Exercise directions: Exact copy, no pictures: reproduce the lines from the one that holds "Ngôi nhà được" through the end of the entries.

Data records:

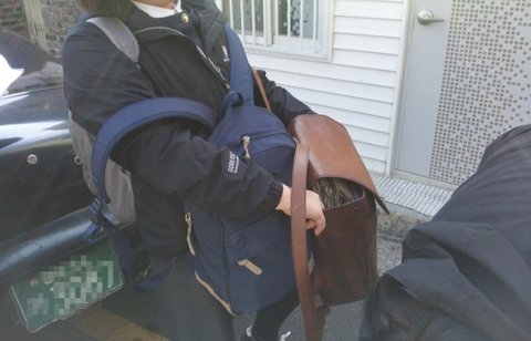근데 갑짜기 들고가던 박스 2개가 터져서 이렇게 가방에 쳐넣쳐넣했음ㅋㅋ
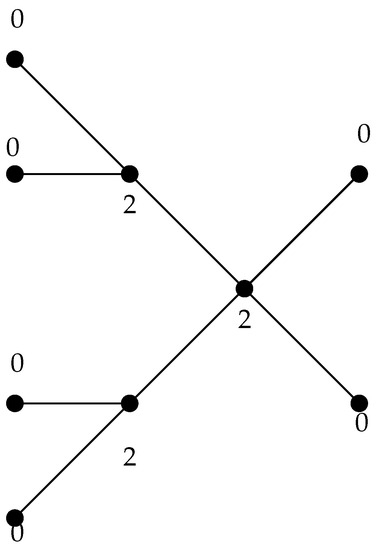 Now assume that is a -function. We first assume that . Then we can extend to a -function by assigning the weight 2 to , the weight 1 to and the weight 0 to the remaining vertices of T. This is a contradiction since every -function assigns to the vertex the value 2. Next, assume that . If for every vertex with , there exists at least one vertex with , then we can extend to a -function by assigning the weight 2 to , the weight 1 to and the weight 0 to the remaining vertices of T. This is a contradiction since every -function assigns to the vertex the value 2. Hence, we can assume that every -function assigns to the vertex the value 2.
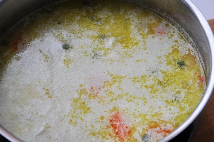 Сварить все овощи крупными кусочками в бульоне. За 10 минут до конца варки добавить горошек. Посолить, налить масло и сливки и прокипятить минутку.
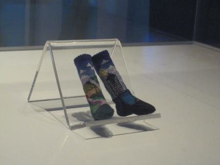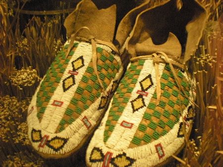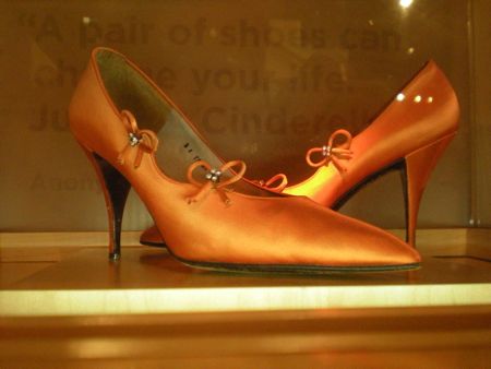 The shoe museum is for real, and probably one of the most interesting small museums I’ve ever been to, not just for the artifacts but for how they’ve been curated. The long history of shoes is a gendered one. Ornate, jeweled, and elevated shoes have always meant that their wearer is “free from everyday cares” and especially labor. In Europe both men and women wore high heels until around 1730, when men gave up the custom. Women were considered “irrational” and could wear impractical shoes. Men were “rational” and wore sensible ones. In 17th century Venice, women in chopines towered above others, so that they could be seen (rather than see, an important distinction). And while they were expected to wear the early version of platform shoes, women also had to “bear the brunt of criticism leveled against the wearing of them.” (That sounds like a familiar double bind.) The beaded shoes worn by First Nations People and Native Americans seemed much freer of gender and heel height distinctions.
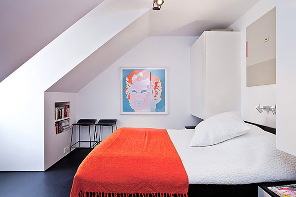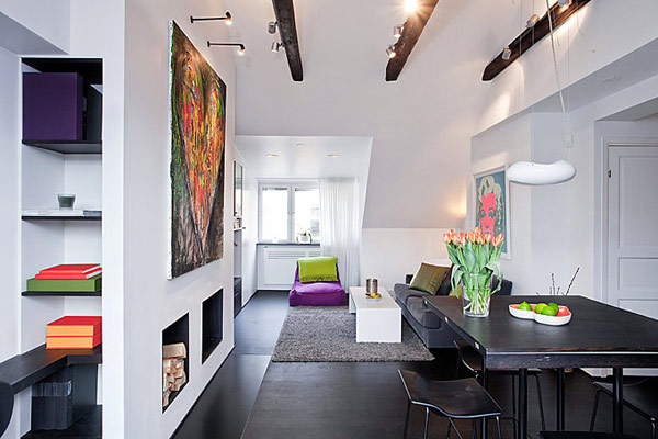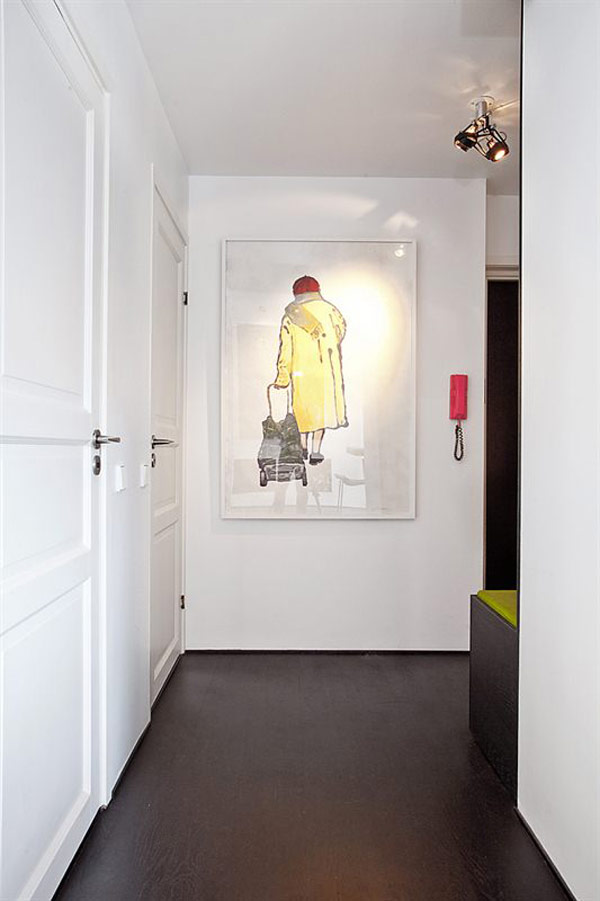 Ngôi nhà được sơn một màu trắng cho bức tường giúp cho căn hộ có cảm giác lớn hơn so với kích thước 54m2 của chính nó.
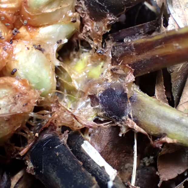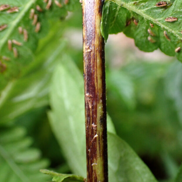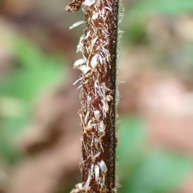 ●ハクモウイノデ・・・葉柄に白い毛や鱗片がびっしりつきます。 葉柄の基部は粘液に覆われません。 低山に多いです。

Task result:
 Ngôi nhà được sơn một màu trắng cho bức tường giúp cho căn hộ có cảm giác lớn hơn so với kích thước 54m2 của chính nó.
 ●ハクモウイノデ・・・葉柄に白い毛や鱗片がびっしりつきます。 葉柄の基部は粘液に覆われません。 低山に多いです。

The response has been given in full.